— Material supplied —
==========

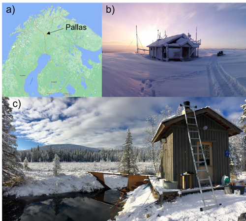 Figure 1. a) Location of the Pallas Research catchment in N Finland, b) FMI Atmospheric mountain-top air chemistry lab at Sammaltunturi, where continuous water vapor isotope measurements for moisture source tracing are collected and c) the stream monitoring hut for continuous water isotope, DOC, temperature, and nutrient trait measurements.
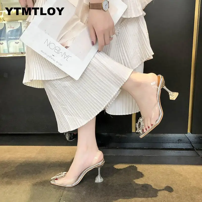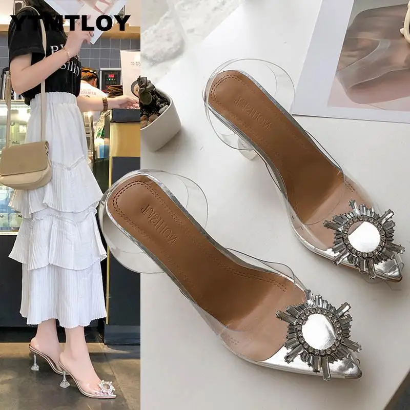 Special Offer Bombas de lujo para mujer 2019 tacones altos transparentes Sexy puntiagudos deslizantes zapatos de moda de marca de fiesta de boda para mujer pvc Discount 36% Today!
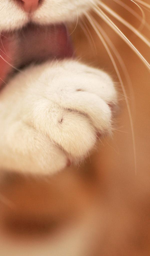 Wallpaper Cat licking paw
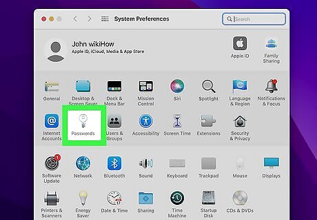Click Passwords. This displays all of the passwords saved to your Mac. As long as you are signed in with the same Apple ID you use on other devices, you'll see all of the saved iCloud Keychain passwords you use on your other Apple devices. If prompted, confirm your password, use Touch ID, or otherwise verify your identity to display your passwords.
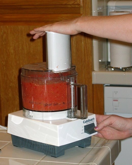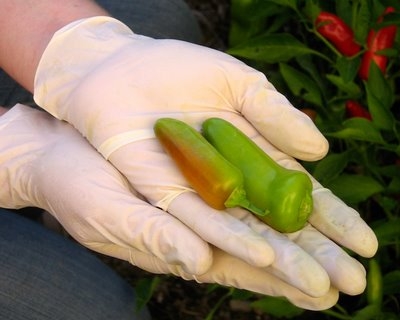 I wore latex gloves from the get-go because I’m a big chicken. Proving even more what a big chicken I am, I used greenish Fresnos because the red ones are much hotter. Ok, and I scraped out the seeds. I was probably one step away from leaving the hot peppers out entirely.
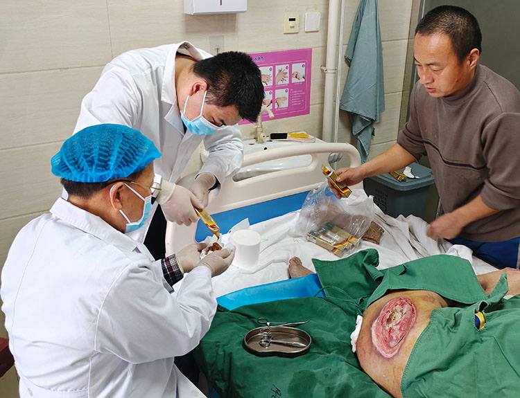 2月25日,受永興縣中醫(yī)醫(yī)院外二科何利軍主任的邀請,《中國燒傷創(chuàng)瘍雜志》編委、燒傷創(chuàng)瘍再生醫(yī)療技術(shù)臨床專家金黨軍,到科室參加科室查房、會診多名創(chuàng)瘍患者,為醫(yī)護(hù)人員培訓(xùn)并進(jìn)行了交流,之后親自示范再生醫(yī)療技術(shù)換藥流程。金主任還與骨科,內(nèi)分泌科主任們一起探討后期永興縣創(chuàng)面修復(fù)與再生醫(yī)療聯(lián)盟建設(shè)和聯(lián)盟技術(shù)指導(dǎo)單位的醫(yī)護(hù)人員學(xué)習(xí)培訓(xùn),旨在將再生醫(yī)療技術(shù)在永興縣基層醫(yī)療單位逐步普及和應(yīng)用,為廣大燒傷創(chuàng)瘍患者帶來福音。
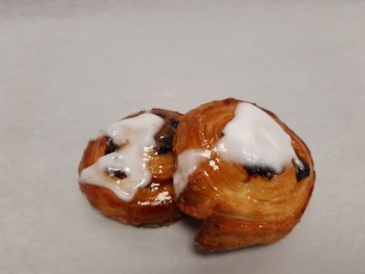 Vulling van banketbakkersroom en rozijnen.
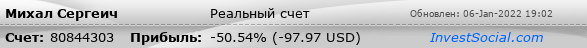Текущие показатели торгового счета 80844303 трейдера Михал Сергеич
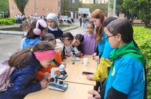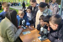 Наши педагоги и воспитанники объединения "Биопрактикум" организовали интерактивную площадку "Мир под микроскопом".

==========

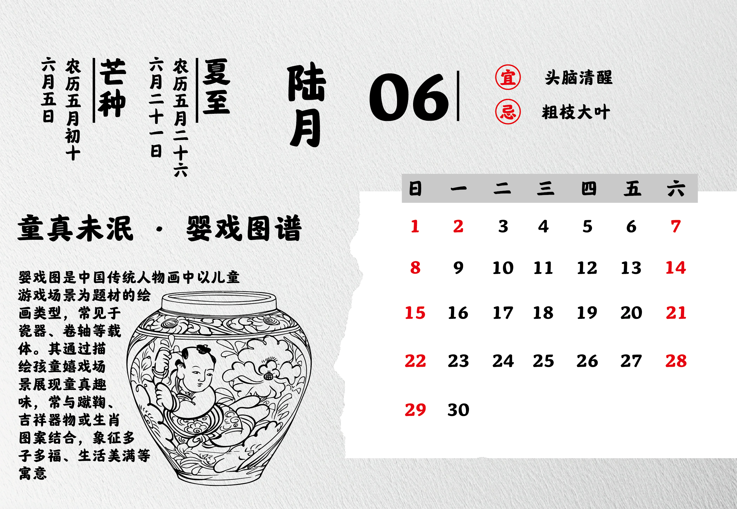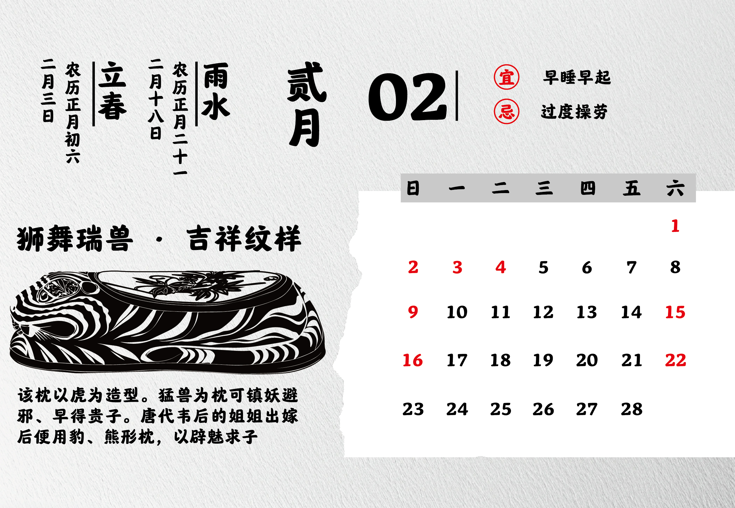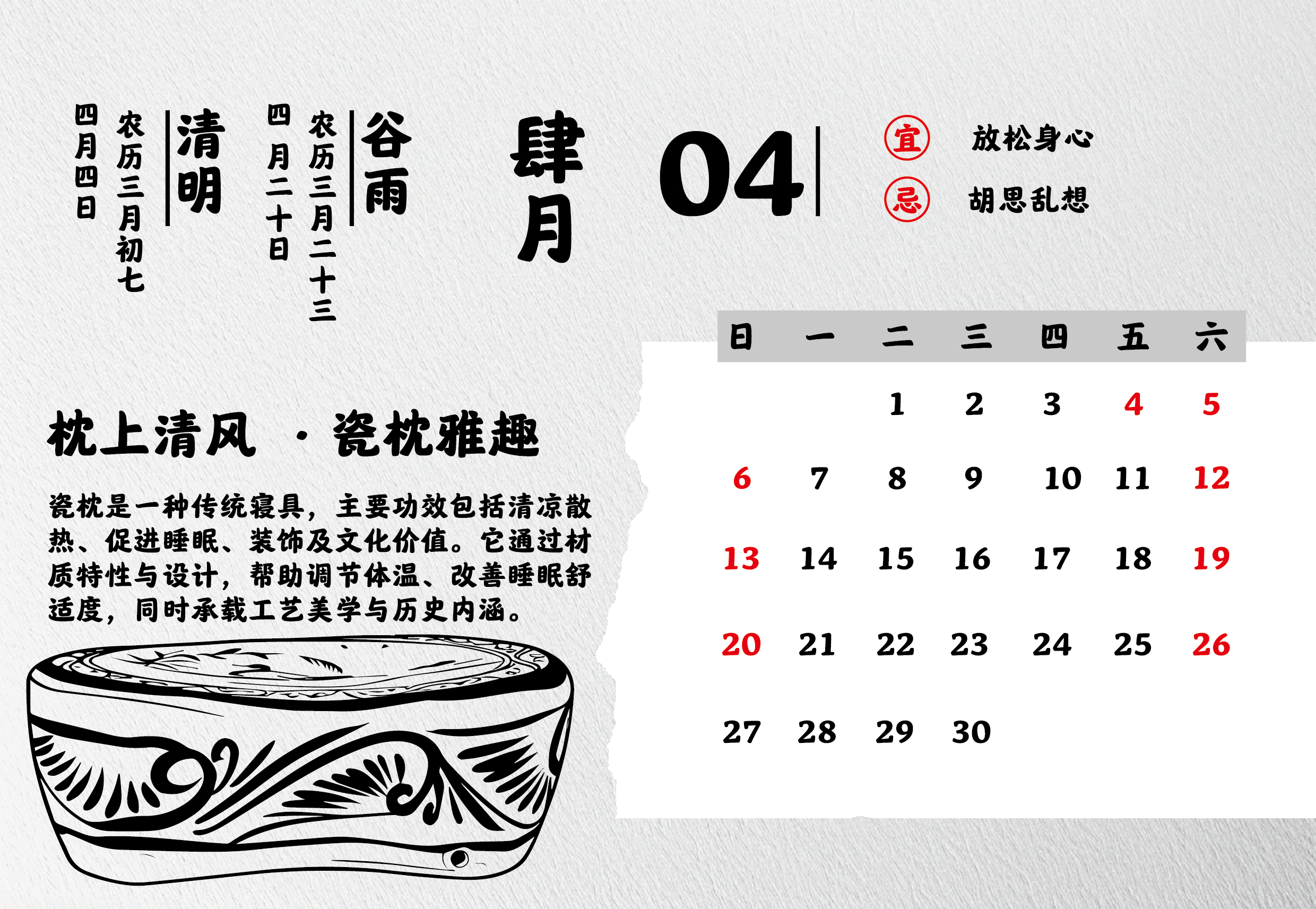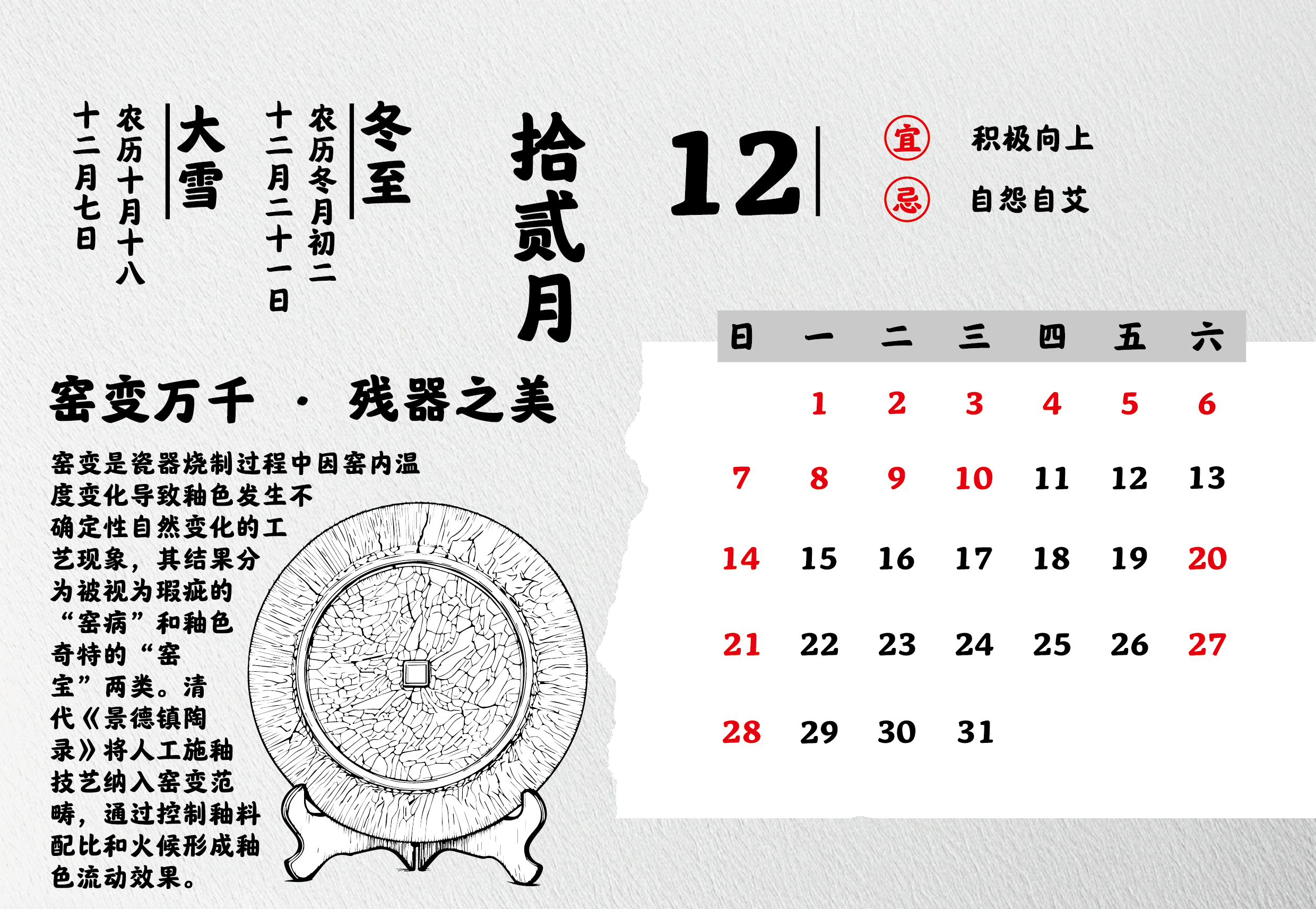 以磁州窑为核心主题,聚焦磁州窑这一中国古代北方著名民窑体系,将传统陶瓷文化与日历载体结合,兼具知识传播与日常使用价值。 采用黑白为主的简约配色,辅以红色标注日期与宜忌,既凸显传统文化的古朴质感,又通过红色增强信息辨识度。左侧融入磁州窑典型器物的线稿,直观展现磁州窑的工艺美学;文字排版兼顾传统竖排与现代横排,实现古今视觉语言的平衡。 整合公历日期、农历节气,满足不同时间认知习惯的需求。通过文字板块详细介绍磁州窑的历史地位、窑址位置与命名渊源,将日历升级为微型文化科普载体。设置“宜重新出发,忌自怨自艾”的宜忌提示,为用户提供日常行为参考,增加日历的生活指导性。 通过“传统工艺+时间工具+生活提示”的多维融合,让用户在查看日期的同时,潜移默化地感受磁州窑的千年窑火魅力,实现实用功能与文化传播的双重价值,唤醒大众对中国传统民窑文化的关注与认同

==========

— Try it —
In the listing above, find the line with "Click Passwords. This" and the line with "I wore latex". Copy exactly those lines and all between them, minus the images.

— Reply —
Click Passwords. This displays all of the passwords saved to your Mac. As long as you are signed in with the same Apple ID you use on other devices, you'll see all of the saved iCloud Keychain passwords you use on your other Apple devices. If prompted, confirm your password, use Touch ID, or otherwise verify your identity to display your passwords.
 I wore latex gloves from the get-go because I’m a big chicken. Proving even more what a big chicken I am, I used greenish Fresnos because the red ones are much hotter. Ok, and I scraped out the seeds. I was probably one step away from leaving the hot peppers out entirely.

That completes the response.